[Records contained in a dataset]
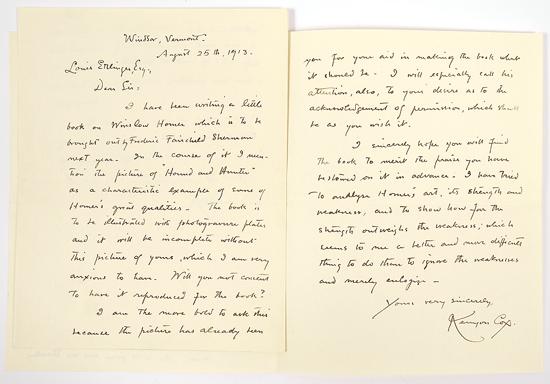 Cox, Kenyon (1856-1919) American painter, figural compositions. Two Autograph Letters Signed, total of 3½ pp, 6½ x 5 in., Windsor, Vermont, 1913 Aug. 25 and 30. Very fine. To Louis Ettlinger at the American Lithographic Company, first asking permission to have Homer Winslow's painting "Hound & Hunter" reproduced for Cox's book on Homer ("I have tried to analyze Homer's art, its strength & weakness…."), then thanking Ettlinger for having complied. Transmittal envelopes addressed in Cox's hand.
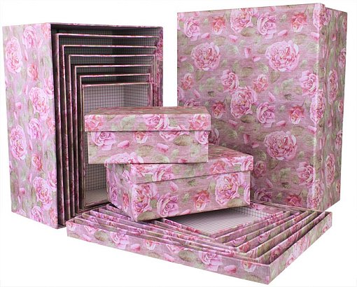 Коробка/набор из 10 шт.Прямоугольник "Пионы" 37*29*16 4 т.м.
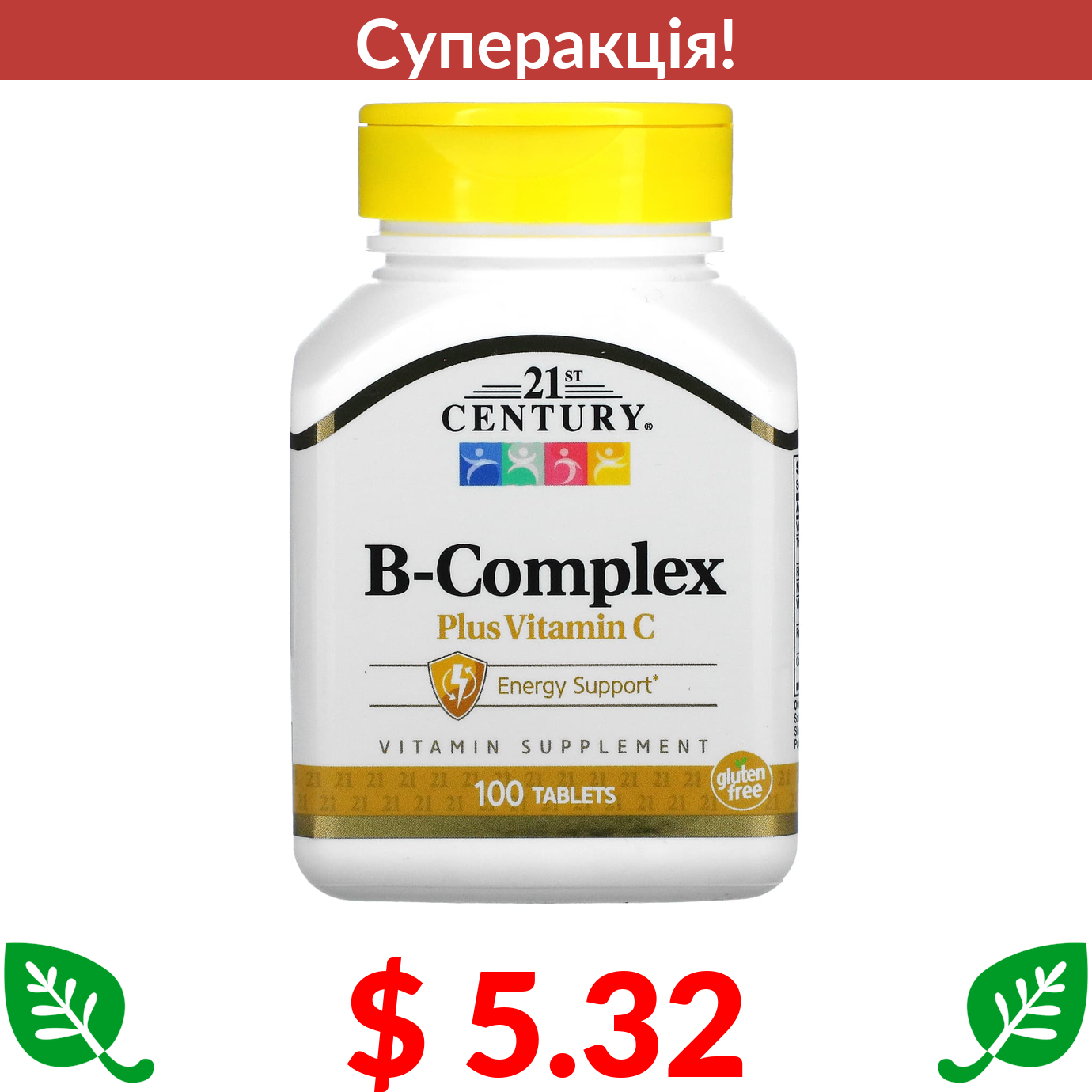 $ 5.32 21st Century, комплекс вітамінів групи B з вітаміном C, 100 таблеток
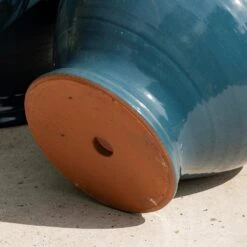 Classically styled teal blue bellied terracotta pot handmade by skilled artisans in South Wales. Mixing sturdy solidity with refined elegance, we like them paired up for striking statement plants in prominent spots.
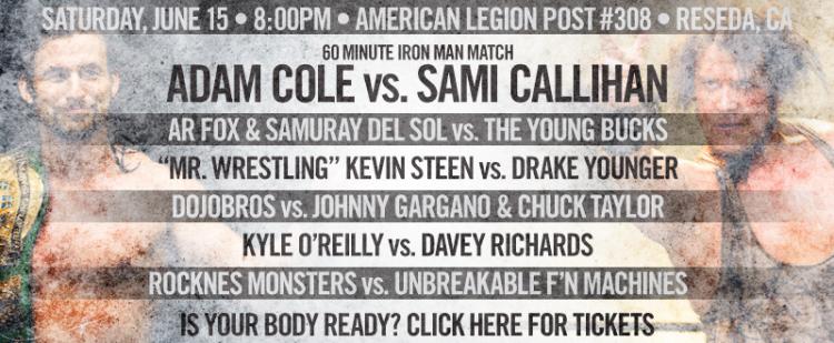 Sami Callihan teve ontem o seu show de despedida do Pro Wrestling Guerrilla, lutando num 60-Min Iron Man Match com Adam Cole pelo PWG World Title, e perdendo.
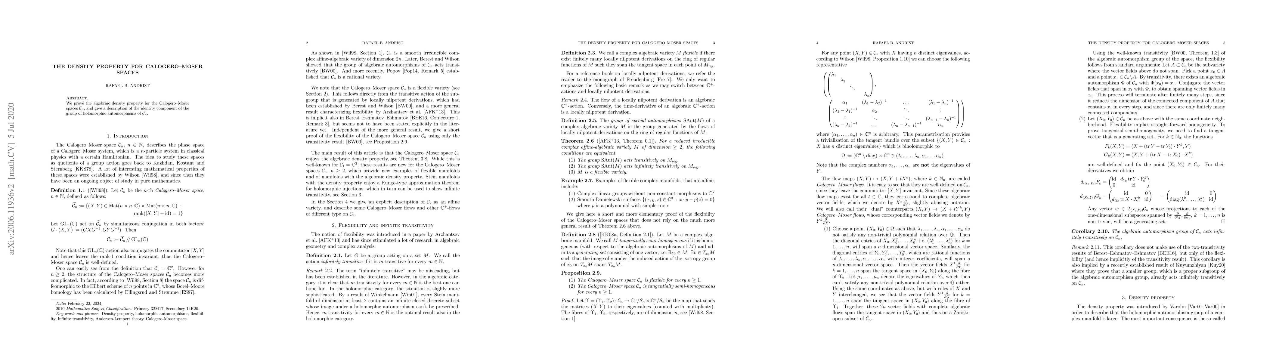 Summary: This paper establishes the algebraic density property for Calogero-Moser spaces $\mathcal{C}_{n}$ and describes the identity component of the group of their holomorphic automorphisms.

**TASK BRIEF**.
Leave every picture out, and repeat exactly the lines from the one containing "C, 100 таблеток" through the last line of the entries, both ends included.

**EXERCISE OUTPUT**.
 $ 5.32 21st Century, комплекс вітамінів групи B з вітаміном C, 100 таблеток
 Classically styled teal blue bellied terracotta pot handmade by skilled artisans in South Wales. Mixing sturdy solidity with refined elegance, we like them paired up for striking statement plants in prominent spots.
 Sami Callihan teve ontem o seu show de despedida do Pro Wrestling Guerrilla, lutando num 60-Min Iron Man Match com Adam Cole pelo PWG World Title, e perdendo.
 Summary: This paper establishes the algebraic density property for Calogero-Moser spaces $\mathcal{C}_{n}$ and describes the identity component of the group of their holomorphic automorphisms.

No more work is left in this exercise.